Не могу боле молчать, сыночка! Истерзалась-измаялась, что не знаешь, не ведаешь ты всей правды, за какую, может статься, станешь корить-ненавидеть родную мать. И поделом, стало быть. Но вперед, нежели корить, выслухай, а там уж и суди.

Не довелось нам застать часть твою под Сталинградом нынче. Три недели пешком мы шли с нашего хутора с малой сестренушкой твоей Дашенькой, кою дома оставить не было никакой возможности, оттого как еды у нас нонче совсем нетути, нечем и старшие рты кормить. Жорке, Машке, Зинке и маленькой Наденьке оставила мучицы немножечко да гороха, а Дашенька могет только молочком из титьки кормиться — иного корма для дитя малого нет. Надюшка двугодовалая голодная при немцах за картошкой к столу ручонку протянула, так фриц на нее так зашумел, что дитятка бедная речи лишилася и долго после болела и заикалася. Немцев проклятых с хутора нашего выбили, но в лето прошлое мы не сеялись, да и в нонешнее сеять будет нечего, как жить-голодать станем, сама не ведаю, да не про то нонче сказ.

Как письмо твое из-под Сталинграду принесли, так я сразу в путь-дорогу сбираться стала, дабы ишо хучь разок глянуть на сынушку маво ненаглядного, кровинушку родную.

Три недели шли мы до Сталинграду. Дорогой Дашенька совсем хворая сделалась, огнем горела, пить не пила, титьку не брала. Я дитинушку под дошкою да под шалочками к себе крепко-накрепко привязала, теплом своим грела, да как согреешь в мороз нонешний. Вот детиночка и захворала, занедужила, Богу душеньку свою безгрешную отдать намерилась. Не дышала деточка, остыла вся, холодная сделалась. И все вокруг сказали, что померла доченька. И уж ямку для тельца ее в мерзлой земличке вырыли, а на меня как сон какой нашел, как дурман окутал. Так посеред мерзлого поля сидела недвижимая и все прижимала к себе сестринушку твою единокровную, тобою ни разу не виденную. А кады из рук моих Дашеньку забирать стали, шоб в ямку покласть да землицей стылой засыпать, закричала, заголосила я. И такое во мне было беспамятство, что и про вас с Петрушенькой, на фронте с проклятыми захватчиками храбро сражающихся, и про четырех голодных дитяток, в нетопленом доме по лавкам жмущихся, не помнила. И запросила Господа, коли это он меня за грехи мои великие наказывает, так пущай и мне не сойтить с этого места, пущай закопают меня рядышком с доченькой моей, кровинушкой.
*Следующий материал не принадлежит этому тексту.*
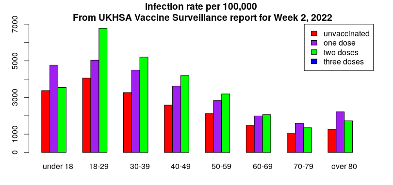 Note how the decline in deaths in unvaccinated, single jabbed and double jabbed is very prominent, but the death rates in the triple-vaccinated appear to not yet be declining significantly. Also note how the deaths in the unvaccinated (red bars) appear to lead the changes, with deaths in the vaccinated following a week or two later. It isn’t clear why this might be.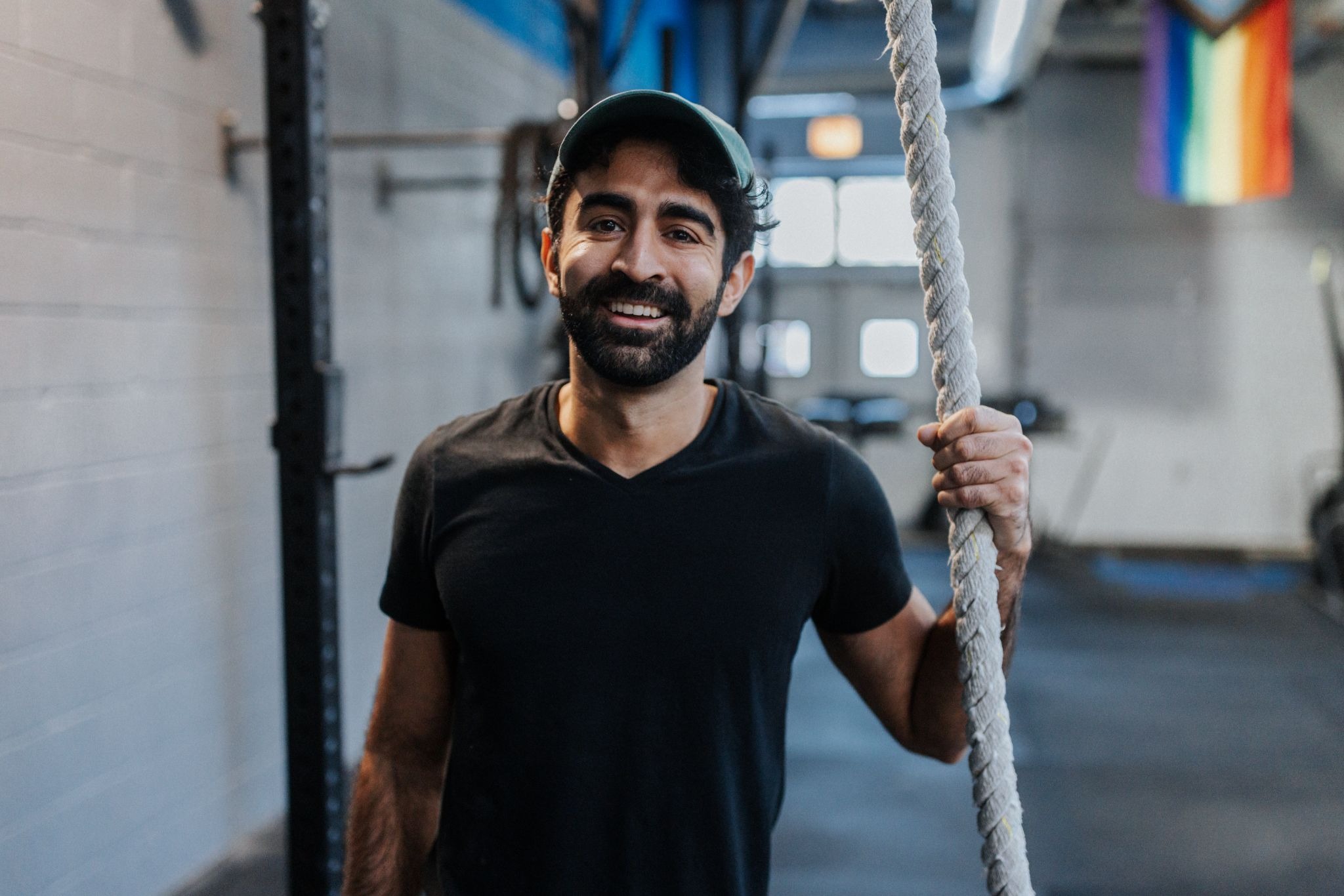 In the gym, he wants to string together at least 10 double-unders, snatch at least 140 pounds, and clean and jerk at least 175 pounds. He says he uses SugarWOD to track his scores and progress over time—plus “Coach Drew takes wonderful pictures of us working out (some of these could be repurposed as thirst traps), and I like to compare these across time to see how my body has changed.”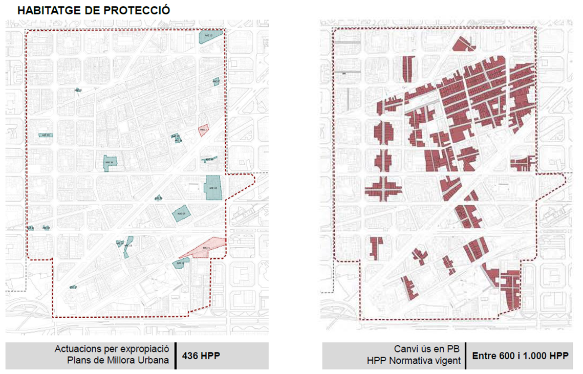 - Actuacions expropiatòries: L’MPGM qualifica vàries parcel·les de l’àmbit com a sòl destinat a habitatge protegit, amb una superfície aproximada de 8.500 m². Aquestes parcel·les es destinaran a la construcció d’habitatge de protecció d’iniciativa pública amb règim específic. Una part d’aquestes parcel·les ja són de titularitat municipal, i la resta es preveu que s’adquireixin via expropiacions a executar per part de l’Ajuntament, amb un calendari d’obtenció dels sòls establert en el document. Segons els càlculs realitzats, en aquests sòls el consistori hi podria edificar un total de 436 habitatges protegits.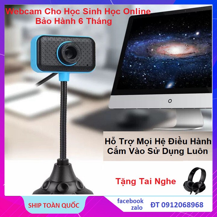 Bộ Webcam Kèm Mic Thân Cao Cho Học Sinh Học Online, Tặng Tai Nghe Chụp Tai ( Có Ảnh Thật )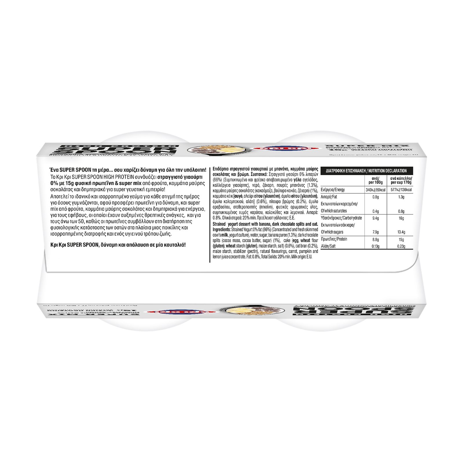 ΚΡΙ ΚΡΙ Superspoon High Protein Επιδόρπιο Στραγγιστού Γιαουρτιού Μπανάνα Βρώμη & Μαύρη Σοκολάτα 2x170g

А коли нет на мне греха страшного, так пущай не отберут у меня мою доченьку.

Как прописать тебе про то, что после было, и не ведаю. Сочтешь, матерь твоя старуха безграмотная, толечко тремя церковно-приходскими классами обученная, придумляет. Но, святый истинный крест, так и было все.

Закричала я на поле стылом, да упала без памяти рядом с мертвенькой доченькой, а что было далее, мне не помнится. Очнулась в доме теплом, добрый человек, дохтур из военного гошпиталя надо мною наклонился. Все, говорит, теперь жить долго будете, Варвара Степановна, раз со света того обратно возвернулись. И дочка ваша жить долго будет. И дает мне девочку всю румяную, титьку мою шукающую.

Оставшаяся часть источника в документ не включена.